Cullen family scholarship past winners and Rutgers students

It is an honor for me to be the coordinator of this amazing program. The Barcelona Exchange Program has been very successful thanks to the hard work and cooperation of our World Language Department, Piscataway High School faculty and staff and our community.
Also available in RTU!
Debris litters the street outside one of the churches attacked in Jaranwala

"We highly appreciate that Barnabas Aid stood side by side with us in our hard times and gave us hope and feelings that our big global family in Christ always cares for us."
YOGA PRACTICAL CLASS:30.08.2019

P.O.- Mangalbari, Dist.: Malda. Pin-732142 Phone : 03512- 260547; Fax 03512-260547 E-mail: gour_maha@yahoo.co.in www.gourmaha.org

* * *

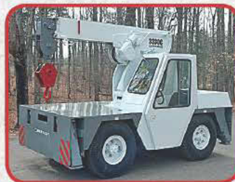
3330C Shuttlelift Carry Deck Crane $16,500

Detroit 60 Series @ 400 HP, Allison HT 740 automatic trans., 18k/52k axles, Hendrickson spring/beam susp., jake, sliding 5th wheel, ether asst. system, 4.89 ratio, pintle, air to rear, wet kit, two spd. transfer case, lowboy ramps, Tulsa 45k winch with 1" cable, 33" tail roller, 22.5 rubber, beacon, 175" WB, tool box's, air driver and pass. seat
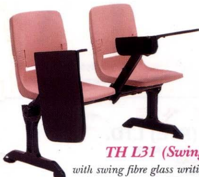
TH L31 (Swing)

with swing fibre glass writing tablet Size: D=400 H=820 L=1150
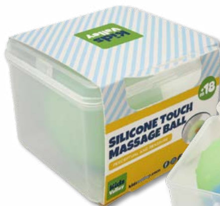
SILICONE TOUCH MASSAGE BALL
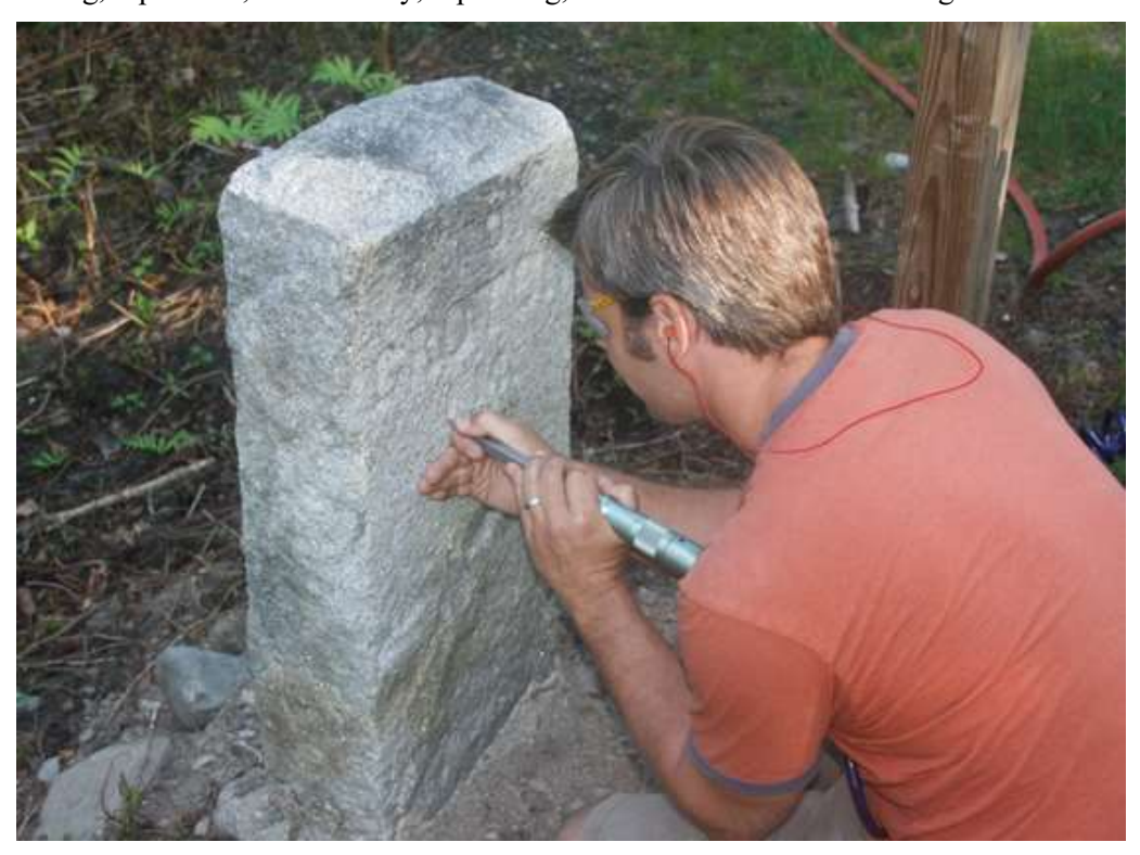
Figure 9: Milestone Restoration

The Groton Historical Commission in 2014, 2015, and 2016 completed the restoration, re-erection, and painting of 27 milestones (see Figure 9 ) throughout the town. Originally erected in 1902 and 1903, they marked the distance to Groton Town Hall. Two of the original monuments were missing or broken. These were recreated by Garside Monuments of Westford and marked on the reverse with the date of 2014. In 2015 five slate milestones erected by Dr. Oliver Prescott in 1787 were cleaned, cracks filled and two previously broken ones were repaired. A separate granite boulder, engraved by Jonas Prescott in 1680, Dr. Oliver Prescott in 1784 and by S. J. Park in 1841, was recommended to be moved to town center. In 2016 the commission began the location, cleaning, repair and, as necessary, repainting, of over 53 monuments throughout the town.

* * *

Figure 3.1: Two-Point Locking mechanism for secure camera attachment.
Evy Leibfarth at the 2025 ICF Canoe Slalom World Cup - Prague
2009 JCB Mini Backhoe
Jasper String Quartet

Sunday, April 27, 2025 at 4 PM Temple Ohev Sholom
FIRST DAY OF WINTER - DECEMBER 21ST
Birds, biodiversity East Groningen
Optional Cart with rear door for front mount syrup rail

Your task =>
Above are the entries. Copy exactly the part that opens with the line containing "Sunday, April 27, 2025" and closes with the line containing "Optional Cart with", and no more.

Solution =>
Sunday, April 27, 2025 at 4 PM Temple Ohev Sholom
FIRST DAY OF WINTER - DECEMBER 21ST
Birds, biodiversity East Groningen
Optional Cart with rear door for front mount syrup rail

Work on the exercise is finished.